Everything from the line that contains "záródással • fényvisszavető részletekkel" to the final line of the data, both ends included, must be set down exactly, apart from the pictures.

Supplied information |
[Start of section]

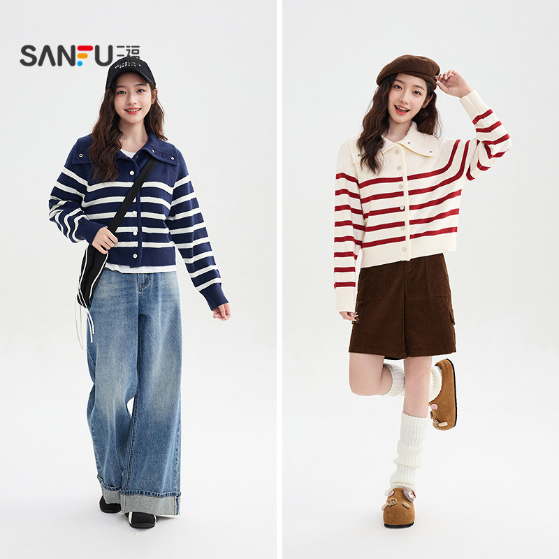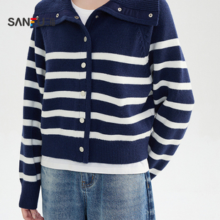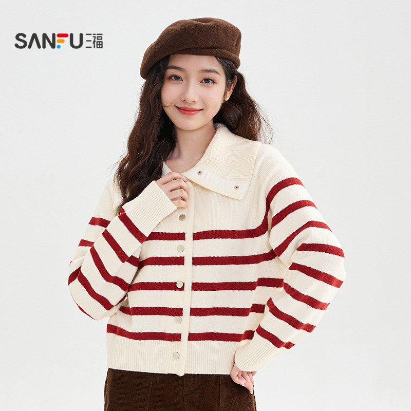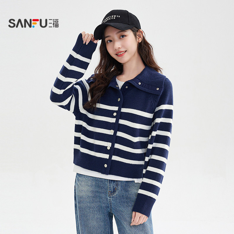 休闲宽松大翻领条纹外套上衣女装 冬季 512192 毛衣2025新款 三福开衫
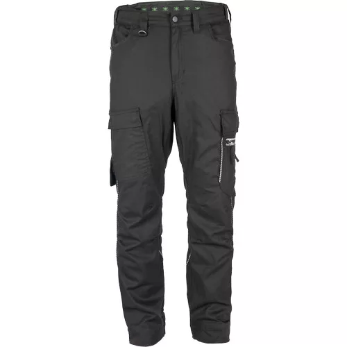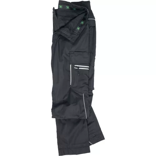 • modern szabású munkanadrág formázott oldalvarrásokkal • rugalmas derékpánt, megerősített térdrész, rugalmas betétek hátul és az üleprészen, 2 D-gyűrű (nikkelmentes) a derékpánton • 2 első zsebbel, 2 zsebfedős oldalzsebbel, a bal száron cipzáras zsebbel (reflex cipzár), többfunkciós zsebek szerszámoknak, 2 farzseb, jobb oldalon zsebfedős, tépőzáras záródással • fényvisszavető részletekkel
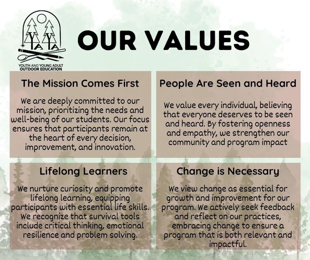 Youth and Young Adult Outdoor Education (YAYA Outdoor Ed) is committed to offering a dynamic curriculum designed for older students. Our program empowers high school students with the tools for social-emotional regulation and overall wellbeing and equips them with skills to prepare and serve delicious, home-cooked meals using fresh, high-quality ingredients. At YAYA Outdoor Ed, students learn the significance of Leave No Trace (LNT) practices and engage in environmental stewardship, and above all, we strive to create a space where students can reflect on various aspects of their identity.

[End of section]

Answer below |
 • modern szabású munkanadrág formázott oldalvarrásokkal • rugalmas derékpánt, megerősített térdrész, rugalmas betétek hátul és az üleprészen, 2 D-gyűrű (nikkelmentes) a derékpánton • 2 első zsebbel, 2 zsebfedős oldalzsebbel, a bal száron cipzáras zsebbel (reflex cipzár), többfunkciós zsebek szerszámoknak, 2 farzseb, jobb oldalon zsebfedős, tépőzáras záródással • fényvisszavető részletekkel
 Youth and Young Adult Outdoor Education (YAYA Outdoor Ed) is committed to offering a dynamic curriculum designed for older students. Our program empowers high school students with the tools for social-emotional regulation and overall wellbeing and equips them with skills to prepare and serve delicious, home-cooked meals using fresh, high-quality ingredients. At YAYA Outdoor Ed, students learn the significance of Leave No Trace (LNT) practices and engage in environmental stewardship, and above all, we strive to create a space where students can reflect on various aspects of their identity.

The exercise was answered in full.